- ASSIGNMENT:
All that is needed is each line of the entries holding the word "with", copied as it stands.

- SUPPLIED RECORDS:
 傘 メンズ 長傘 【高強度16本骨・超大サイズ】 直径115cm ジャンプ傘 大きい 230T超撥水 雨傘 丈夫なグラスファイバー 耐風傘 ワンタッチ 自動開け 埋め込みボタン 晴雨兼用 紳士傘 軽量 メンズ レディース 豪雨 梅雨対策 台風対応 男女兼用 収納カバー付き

--

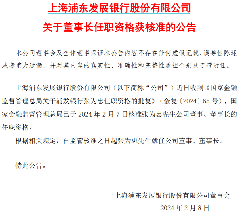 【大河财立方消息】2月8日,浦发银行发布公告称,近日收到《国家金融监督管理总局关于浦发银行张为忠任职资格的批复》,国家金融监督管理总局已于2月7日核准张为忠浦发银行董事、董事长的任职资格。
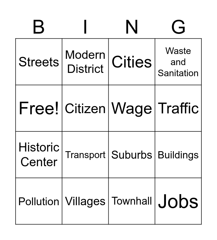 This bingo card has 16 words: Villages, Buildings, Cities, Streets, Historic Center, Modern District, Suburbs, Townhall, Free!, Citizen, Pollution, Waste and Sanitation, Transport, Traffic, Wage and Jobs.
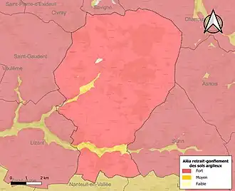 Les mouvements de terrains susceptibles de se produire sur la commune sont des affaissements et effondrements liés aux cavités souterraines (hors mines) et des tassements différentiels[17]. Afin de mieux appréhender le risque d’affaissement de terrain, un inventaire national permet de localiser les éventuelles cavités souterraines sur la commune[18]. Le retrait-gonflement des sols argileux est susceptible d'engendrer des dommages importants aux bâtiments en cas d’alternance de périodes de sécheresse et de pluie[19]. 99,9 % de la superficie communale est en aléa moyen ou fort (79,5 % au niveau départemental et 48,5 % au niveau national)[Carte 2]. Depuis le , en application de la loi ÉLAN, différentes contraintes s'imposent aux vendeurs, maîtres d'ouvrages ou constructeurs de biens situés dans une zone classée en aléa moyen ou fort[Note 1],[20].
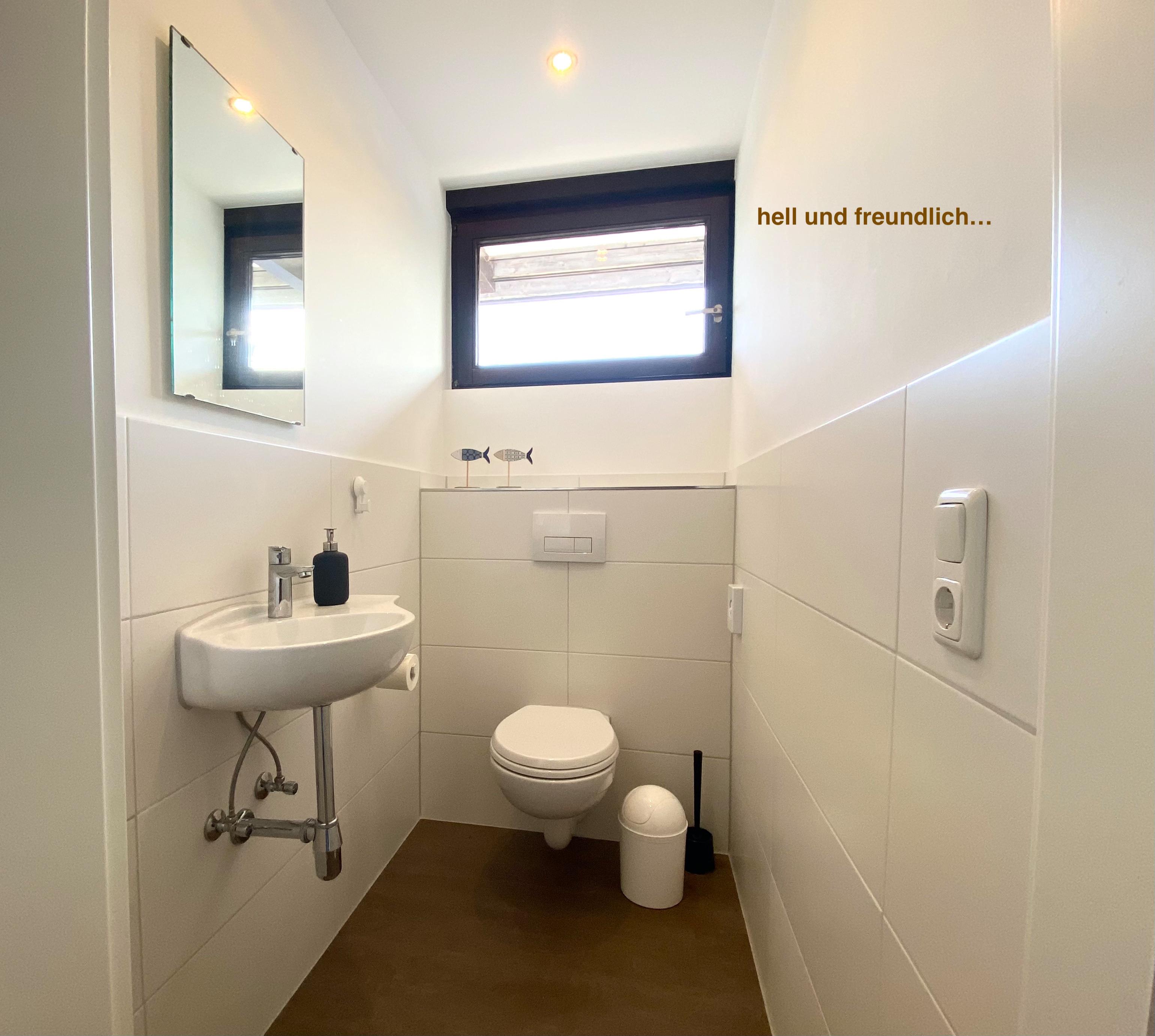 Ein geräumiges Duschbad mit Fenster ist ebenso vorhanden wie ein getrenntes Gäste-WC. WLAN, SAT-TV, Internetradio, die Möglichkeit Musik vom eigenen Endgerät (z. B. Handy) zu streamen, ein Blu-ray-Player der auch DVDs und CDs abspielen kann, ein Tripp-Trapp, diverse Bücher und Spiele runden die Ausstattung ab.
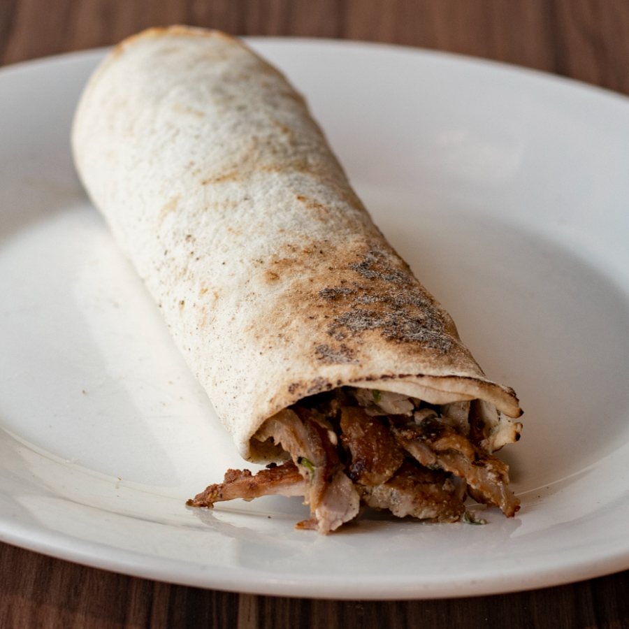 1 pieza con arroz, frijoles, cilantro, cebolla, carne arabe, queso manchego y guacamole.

---

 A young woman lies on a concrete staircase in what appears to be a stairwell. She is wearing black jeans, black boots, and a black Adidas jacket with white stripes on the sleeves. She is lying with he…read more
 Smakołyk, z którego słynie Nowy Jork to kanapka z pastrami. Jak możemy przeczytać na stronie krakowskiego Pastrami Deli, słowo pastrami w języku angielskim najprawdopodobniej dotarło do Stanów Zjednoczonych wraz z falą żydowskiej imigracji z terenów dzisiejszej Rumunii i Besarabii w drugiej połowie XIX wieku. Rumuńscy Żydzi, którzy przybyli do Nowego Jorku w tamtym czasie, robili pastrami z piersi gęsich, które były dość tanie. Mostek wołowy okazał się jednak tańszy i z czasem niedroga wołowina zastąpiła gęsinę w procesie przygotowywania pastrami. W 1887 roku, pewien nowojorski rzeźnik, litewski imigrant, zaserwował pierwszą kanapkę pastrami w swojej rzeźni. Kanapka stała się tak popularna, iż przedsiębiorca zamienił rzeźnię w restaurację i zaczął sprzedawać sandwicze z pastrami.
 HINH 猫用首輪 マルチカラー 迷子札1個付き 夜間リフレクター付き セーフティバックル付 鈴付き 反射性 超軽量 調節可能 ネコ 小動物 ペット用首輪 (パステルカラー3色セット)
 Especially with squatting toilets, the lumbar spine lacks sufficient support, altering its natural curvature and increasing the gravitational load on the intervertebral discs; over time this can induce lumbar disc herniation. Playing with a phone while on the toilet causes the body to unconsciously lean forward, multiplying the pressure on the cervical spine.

- TASK RESPONSE:
 A young woman lies on a concrete staircase in what appears to be a stairwell. She is wearing black jeans, black boots, and a black Adidas jacket with white stripes on the sleeves. She is lying with he…read more
 Especially with squatting toilets, the lumbar spine lacks sufficient support, altering its natural curvature and increasing the gravitational load on the intervertebral discs; over time this can induce lumbar disc herniation. Playing with a phone while on the toilet causes the body to unconsciously lean forward, multiplying the pressure on the cervical spine.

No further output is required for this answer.